GENEVA (17 October 2023) – China must consider alternative solutions to forcible repatriation of North Korean escapees, UN experts* said today, calling on the country to respect the principle of non-refoulement guaranteed under international law.
“We are alarmed by reports we have received that China has forcibly repatriated hundreds of escapees from the Democratic People’s Republic of Korea (DPRK), the vast majority of whom are women, despite appeals repeatedly made by multiple international human rights bodies to refrain from doing so,” the experts said.
Hundreds of individuals reportedly remain in detention facing the same fate.
According to the experts, there are long-standing and credible reports to believe that North Korean escapees forcibly returned to the DPRK would be subjected to torture, cruel, inhuman or degrading treatment and punishment and other serious human rights violations. Individuals are labelled “criminals” by authorities if they commit “illegal border-crossing” and “traitors” if the authorities find any link suggesting an “intention to escape to the Republic of Korea”. If labelled “traitors”, they receive harsh punishments, including imprisonment without due process, and they may be subjected to enforced disappearance and even execution, the experts warned.
“No one should be returned to a country where they would face the risk of torture, cruel, inhuman or degrading treatment or punishment and other irreparable harm, including the use of the death penalty, and enforced disappearance,” the experts recalled.
They emphasised that the principle of non-refoulement must be applied to all individuals at all times, regardless of their migratory status. The prohibition of refoulement forms an essential protection under international human rights, refugee, humanitarian and customary law, and is explicitly included, among others, in the Convention against Torture and Other Cruel, Inhuman or Degrading Treatment or Punishment as well as the 1951 Convention on Refugees and its 1967 Protocol to which China is a party, they said.
“We appreciate China's official response to our joint letter in which we raised our concern over refoulement. We urge China to abide by its international legal obligations and not forcibly repatriate remaining North Korean escapees,” they said.
“We welcome the reopening of the border and urge the DPRK to allow UN agencies, other humanitarian organisations and diplomatic missions to return to the country as soon as possible and engage the relevant Special Procedures of the Human Rights Council to review its human rights,” they said.
“We call on the DPRK to comply with its international legal obligations in respect to all citizens returning to the country, including the absolute prohibition on torture and enforced disappearance, the prohibition of arbitrary detention, and fair trial guarantees,” the experts said.

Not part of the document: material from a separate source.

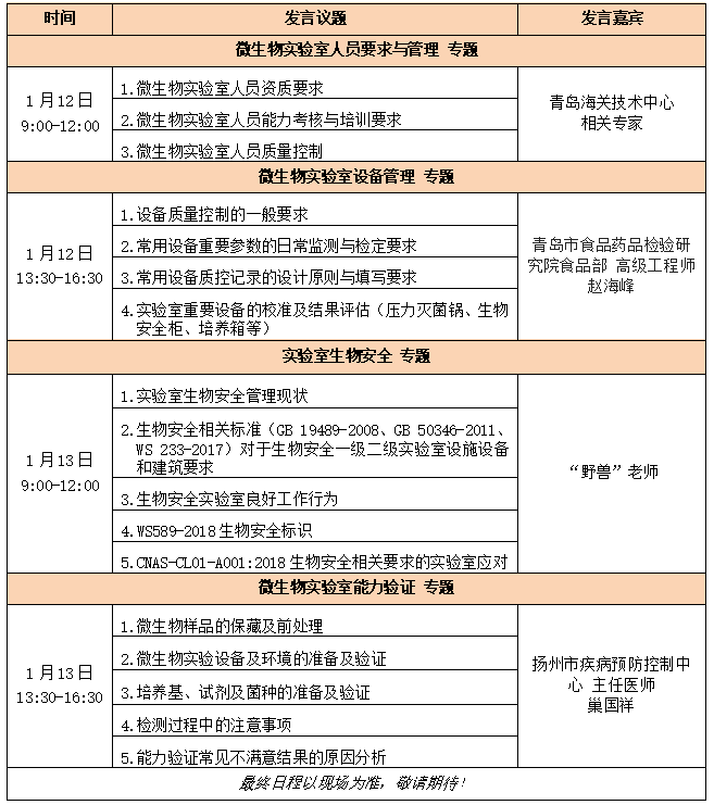 食品微生物是全球食品安全的主要问题和监管重点,而实验室检测是保障食品安全的最后一道防线。实验室能否得到准确的检验结果取决于实验室的质量与能力,为了提高食品行业实验室的质量和技术水平,使各实验室能够更加准确规范的开展检测工作,保障我国的食品安全,由食品伙伴网主办的“食品微生物实验室技能提升专题培训班”将于2022年1月12-13日进行线上直播。现将相关事宜通知如下:

The experts: Elizabeth Salmón, Special Rapporteur on the situation of human rights in the Democratic People's Republic of Korea; Aua Baldé (Chair-Rapporteur), Gabriella Citroni (Vice-Chair), Angkhana Neelapaijit, Grażyna Baranowska, Ana Lorena Delgadillo Pérez, Working Group on enforced or involuntary disappearances; Reem Alsalem, Special Rapporteur on violence against women and girls, its causes and consequences; Dorothy Estrada-Tanck (Chair), Ivana Radačić (Vice-Chair), Elizabeth Broderick, Meskerem Geset Techane and Melissa Upreti,Working Group on discrimination against women and girls; Felipe González Morales, Special Rapporteur on the human rights of migrants and Working Group on arbitrary detention: Priya Gopalan (Chair-Rapporteur), Matthew Gillett (Vice-Chair on Communications), Ganna Yudkivska (Vice-Chair on Follow-Up), Miriam Estrada-Castillo, and Mumba Malila.
The experts are part of what is known as the Special Procedures of the Human Rights Council. Special Procedures, the largest body of independent experts in the UN Human Rights system, is the general name of the Council’s independent fact-finding and monitoring mechanisms that address either specific country situations or thematic issues in all parts of the world. Special Procedures experts work on a voluntary basis; they are not UN staff and do not receive a salary for their work. They are independent from any government or organization and serve in their individual capacity.